(How to complete this task)
Having located "Entre los fugados", write out its line and the remaining lines of the material exactly, the last one included, but not the pictures.

(Dataset content)
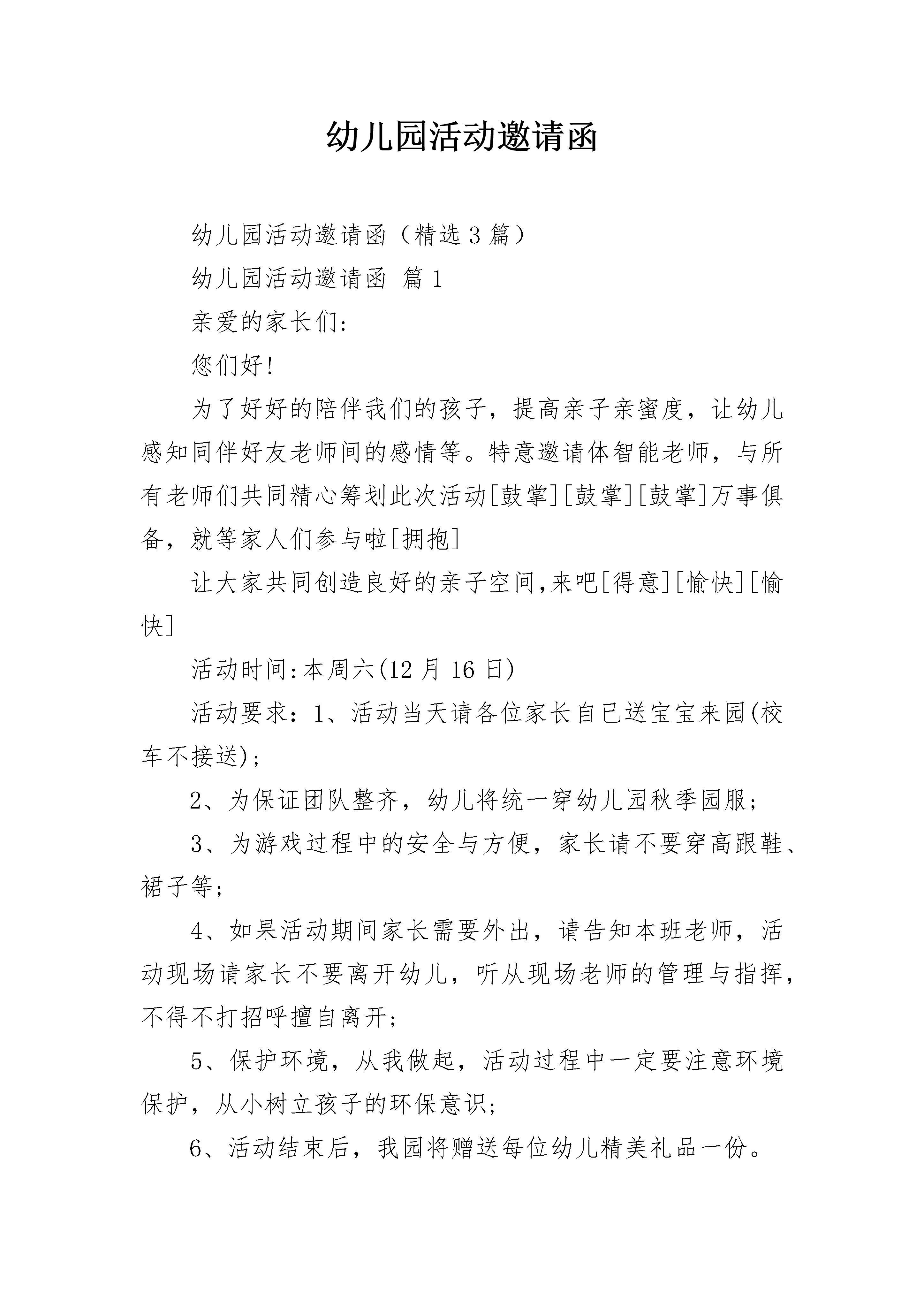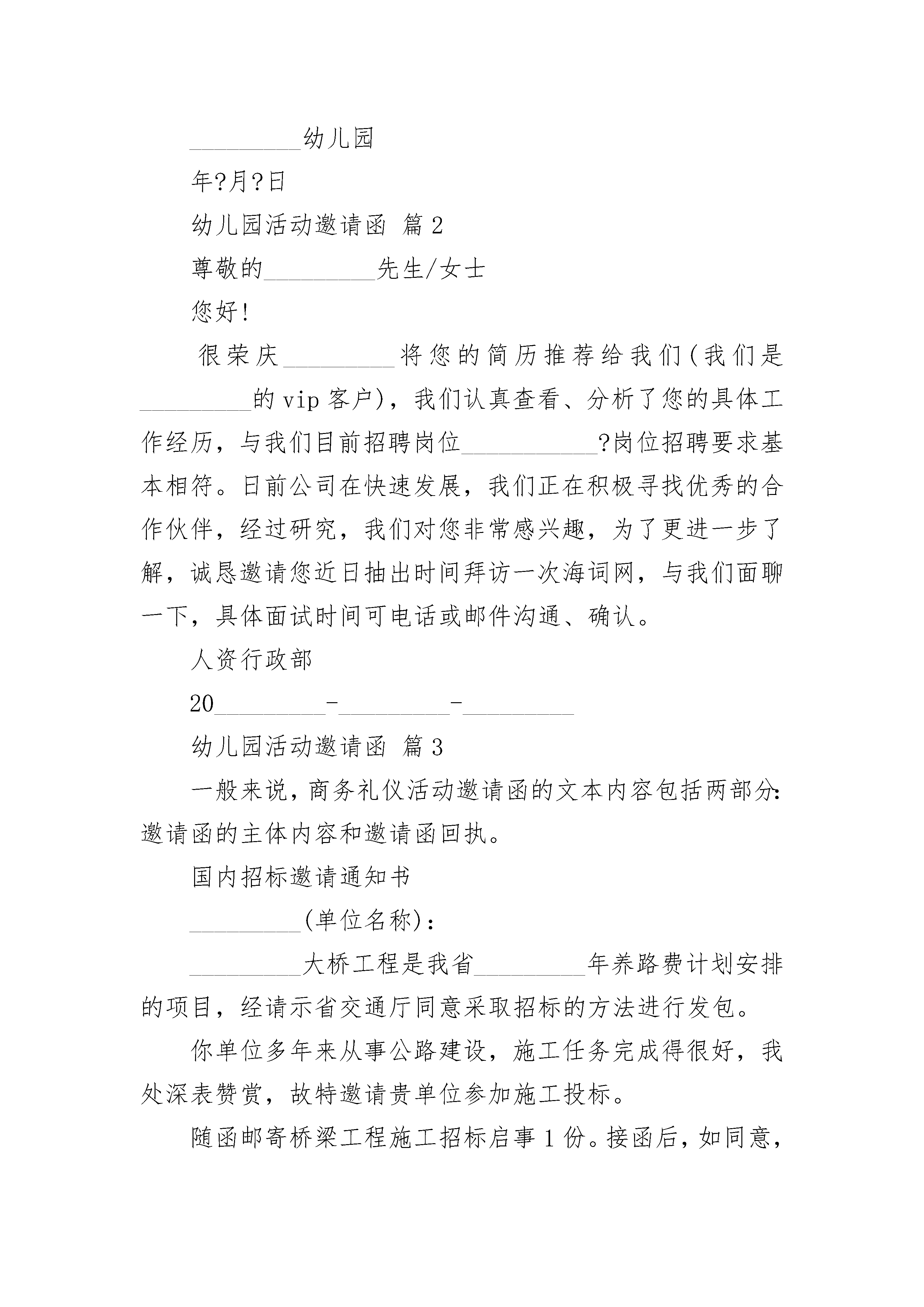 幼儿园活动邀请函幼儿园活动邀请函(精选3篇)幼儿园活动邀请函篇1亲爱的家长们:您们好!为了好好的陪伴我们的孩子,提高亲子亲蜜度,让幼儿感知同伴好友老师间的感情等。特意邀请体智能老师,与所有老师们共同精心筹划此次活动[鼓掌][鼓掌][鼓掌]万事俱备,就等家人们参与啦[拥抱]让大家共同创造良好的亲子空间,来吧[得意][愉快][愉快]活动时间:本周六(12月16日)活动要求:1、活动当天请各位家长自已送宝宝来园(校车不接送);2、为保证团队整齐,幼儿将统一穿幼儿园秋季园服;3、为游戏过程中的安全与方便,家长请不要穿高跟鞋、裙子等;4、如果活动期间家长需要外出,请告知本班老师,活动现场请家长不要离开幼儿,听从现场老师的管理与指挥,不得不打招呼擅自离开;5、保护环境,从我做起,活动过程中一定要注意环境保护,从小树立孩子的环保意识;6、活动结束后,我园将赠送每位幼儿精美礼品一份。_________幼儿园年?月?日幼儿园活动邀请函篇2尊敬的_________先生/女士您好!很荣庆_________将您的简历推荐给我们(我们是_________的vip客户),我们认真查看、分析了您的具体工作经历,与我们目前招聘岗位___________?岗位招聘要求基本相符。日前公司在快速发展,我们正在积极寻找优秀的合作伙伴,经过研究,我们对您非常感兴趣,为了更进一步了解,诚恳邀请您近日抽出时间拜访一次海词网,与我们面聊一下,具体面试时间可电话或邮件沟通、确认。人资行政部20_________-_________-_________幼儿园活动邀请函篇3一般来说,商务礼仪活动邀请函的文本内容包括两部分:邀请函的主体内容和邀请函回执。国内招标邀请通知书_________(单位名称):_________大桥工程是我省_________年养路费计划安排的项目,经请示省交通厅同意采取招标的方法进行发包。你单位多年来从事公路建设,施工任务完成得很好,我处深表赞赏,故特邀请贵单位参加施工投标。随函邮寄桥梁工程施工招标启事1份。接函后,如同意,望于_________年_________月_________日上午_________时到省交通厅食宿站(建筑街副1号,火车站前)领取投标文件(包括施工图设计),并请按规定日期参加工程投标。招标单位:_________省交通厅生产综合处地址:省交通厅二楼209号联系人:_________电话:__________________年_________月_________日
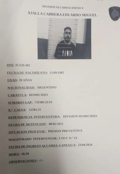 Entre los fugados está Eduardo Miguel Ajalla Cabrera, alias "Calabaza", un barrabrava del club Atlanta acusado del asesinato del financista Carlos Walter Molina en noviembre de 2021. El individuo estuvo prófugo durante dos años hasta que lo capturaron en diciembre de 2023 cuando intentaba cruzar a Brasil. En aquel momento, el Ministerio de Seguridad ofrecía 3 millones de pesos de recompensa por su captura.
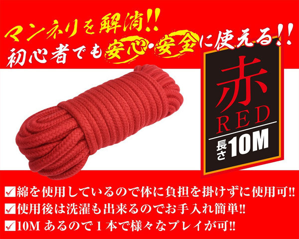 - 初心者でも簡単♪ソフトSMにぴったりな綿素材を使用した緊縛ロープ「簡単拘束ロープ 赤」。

(Task response)
 Entre los fugados está Eduardo Miguel Ajalla Cabrera, alias "Calabaza", un barrabrava del club Atlanta acusado del asesinato del financista Carlos Walter Molina en noviembre de 2021. El individuo estuvo prófugo durante dos años hasta que lo capturaron en diciembre de 2023 cuando intentaba cruzar a Brasil. En aquel momento, el Ministerio de Seguridad ofrecía 3 millones de pesos de recompensa por su captura.
 - 初心者でも簡単♪ソフトSMにぴったりな綿素材を使用した緊縛ロープ「簡単拘束ロープ 赤」。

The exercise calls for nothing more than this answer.